In order to carry out learning and recall operations in this model, it is necessary to consider the following. For learning operations, spikes need to be held for 3 time units at the input of the memory and no further operation can be performed until 7 time units later. In the case of recall operations, spikes must be displayed for a single time unit and 6 time units must be waited until the next operation.

When performing a learning operation, the network stores a memory and, 5 (and 7) time units after having started the operation, the memory returns the learned memory to its output. In the case of a recall operation, after 5 time units the cue used to start the operation will appear at the memory output and one time unit later the rest of the memory.

For more information on this temporality, principles of operation, internal functioning, … read the paper.

Custom config files

When the memory model is instantiated, if no value is passed to the configFilePath variable, it will take the default configuration file.

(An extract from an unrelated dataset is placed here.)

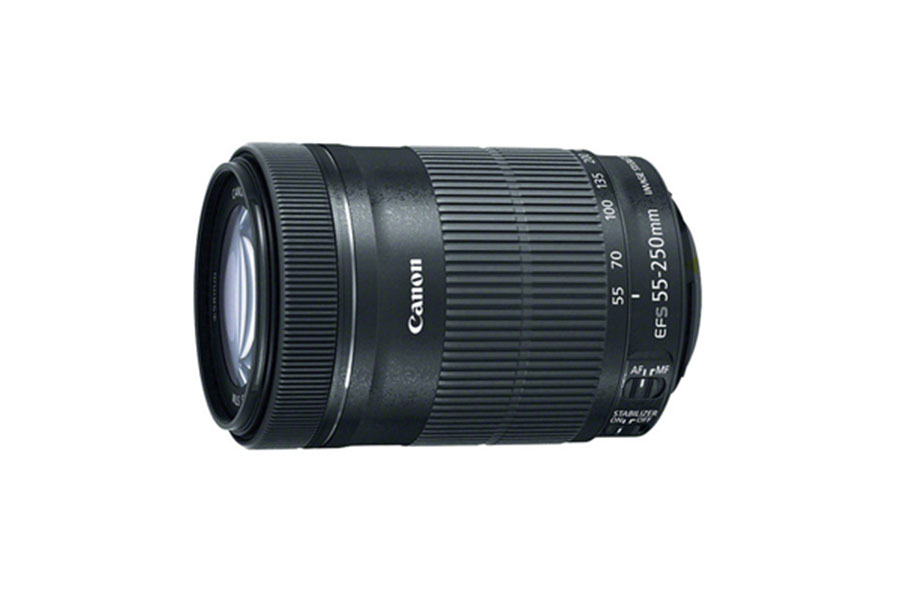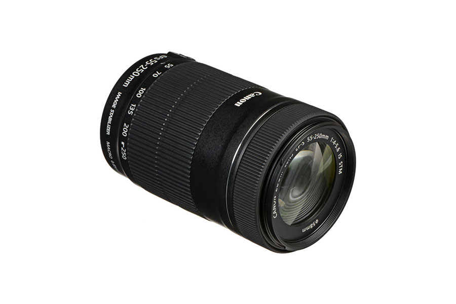 در قالب یک لنز تله کامپکت و سبک EF-S بزرگنمایی بالایی فراهم می کند و مجهز به یک سیستم لرزه گیر اپتیکال با ۳٫۵ گام با توقف معادل برای اصلاح لرزش دوربین است. موتور پله ای و مکانیسم فوکوس تازه طراحی شده این لنز حالت و سیستم Canon EOS Movie Servo AF یا فوکوس خودکار سروو ( نام دیگر موتورهای پله ای ) را ساپورت می کند ( که بر روی برخی از دوربین های EOS Canon وجود دارد ) و در طول فیلمبرداری و گرفتن عکس فوکوس خودکار پیوسته نرم و بی صدایی فراهم می کند. دارای یک عدسی UD است که در طول دامنه زوم لنز کانن EF-S 55- 250mm F/4-5.6 باعث کاهش انحراف کروماتیک شده و تصاویری فوق العاده با کیفیت، تصویر بسیار خوب با رزلوشن و کنتراست بالا فراهم می کند. از طرف دیگر این لنز تله کانن EF-S 55-250mm IS STM برای ایجاد توازن رنگ بسیار عالی و کاهش پدیده شبه ( امتداد پیدا کردن یا دوتا شدن بخشی از قسمت های سوژه های متحرک در تصویر ) دارای پوشش های پیشرفته ای است و وجود دیافراگمی با ۷ تیغه گرد پس زمینه های نرم زیبایی ( منظور از نرم یا Soft در عکاسی عدم وضوح کامل یا تارشدگی بخشی از تصویر بویژه پس زمینه آن است که باعث برجسته شدن سایر بخش ها، مخصوصاً سوژه اصلی می شود ) در تصویر ایجاد می کند. لنز کانن ۲۵۰-۵۵ میلی متر دارای ۱۵ جز اپتیکال است که در ۱۲ گروه قرار گرفته اند. این لنز دارای یک سیستم زوم شش گروهه کامپکت جدید است که با فراهم کردن حداکثر بزرگنمایی ۲۹x در حالت تله عملکرد فوق العاده ای برای لنز ایجاد می کند. این لنز در حالت AF دارای فوکوس دستی فول تایم است. جزء جلویی لنز در طول فوکوس نمی چرخد، که هنگام استفاده از فیلترهای پلاریزاسیون به همراه لنز ویژگی خوبی است. حداقل فاصله فوکوس این لنز کانن ۰٫۸۵ متر است. سیسم فوکوس عقب، CPU سرعت بالا و الگوریتم AF ارتقاء یافته این لنز امکان فوکوس خودکار سرعت بالا را فراهم می کنند.

This can be found in the sPyMem Github repository.

This file contains all the parameters that define the neuron models and the initial state of the neurons of each population, as well as all the parameters necessary to create the synapses between populations. Among these synapses, there are also those connecting the input and output populations of the model.

Although changes to any internal network parameters are discouraged as the results of the network could be unpredictable, the user is allowed to define a different configuration file. This could be done by downloading the default configuration file, changing the desired parameters and passing the complete path to it as the network creation parameter. In this way, the network will take the internal parameters indicated in the new configuration file.

The file format is a json file with 3 main fields:

  • neuronParameters: parameters of the LIF neuron model used for each population.

  • initNeuronParameters: initial conditions at the level of membrane potential of the neurons in each population.

  • synParameters: internal parameters of the synapse models used for each set of connections between populations.